Closed wavenator closed 3 years ago
FuzzyWuzzy uses either difflib as a pure Python implementation or python-Levenshtein. From your results you used the version using python-Levenshtein. In fuzz.partial_ratio there are two relevant algorithms: 1) algorithm to calculate the optimal alignment 2) algorithm to calculate the normalized edit distance
It tries to find a substring of len(shorter) in the longer string (the substring can be shorter if it is placed at the end of the longer string). To find this substring fuzzywuzzy uses difflib.SequenceMatcher with get_matching_blocks (In fact this is not a valid way to find the best aligned substring, but works relatively well in most cases). The implementation of this get_matching_blocks method in python-Levenshtein is completely broken, so for RapidFuzz I decided to use: 1) The implementation of difflib for the optimal alignment 2) the Levenshtein distance for the normalized edit distance So basically a combination of these two variants of FuzzyWuzzy
In [7]: rapidfuzz.fuzz.partial_ratio('vodafone', 'bentley')
Out[7]: 44.44444444444444
In [8]: fuzzywuzzy.fuzz.partial_ratio('vodafone', 'bentley')
Out[8]: 29
This is an example, where python-Levenshtein has incorrect results. difflib returns the following matching blocks:
>>> Levenshtein.StringMatcher.StringMatcher(None, 'bentley', 'vodafone').get_matching_blocks()
[(7, 8, 0)]
>>> difflib.SequenceMatcher(None, 'bentley', 'vodafone').get_matching_blocks()

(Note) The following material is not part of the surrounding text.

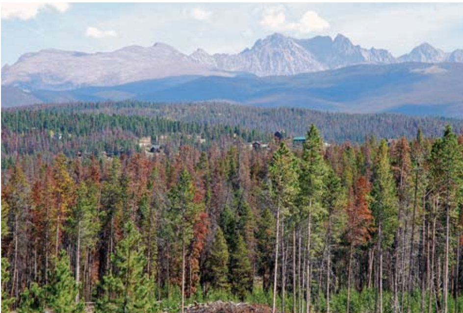
During the current epidemic, beetles have killed most trees over a number of years as shown by the mix of grey, red, and green trees.

[Match(a=1, b=7, size=1), Match(a=7, b=8, size=0)]
This has the result, that RapidFuzz tests the following alignments:
bentley <-> ne -> normalized Levenshtein = 44.44444444444444
bentley <-> odafone -> normalized Levenshtein = 28.57
While FuzzyWuzzy using difflib tests the following alignments:
bentley <-> ne -> difflib.SequenceMatcher.ratio = 22
bentley <-> odafone -> difflib.SequenceMatcher.ratio = 14
and FuzzyWuzzy using python-Levenshtein tests these alignments:
bentley <-> odafone -> normalized Levenshtein = 29
The same applies to the second example. This broken implementation is already known for quite a while: https://github.com/seatgeek/fuzzywuzzy/issues/79, but apparently the results are good enough for SeatGeek and faster than the pure Python implementation.
I appreciate your thorough and proficient explanation. It makes a lot of sense now.
These strings return different results depending on which library you are using.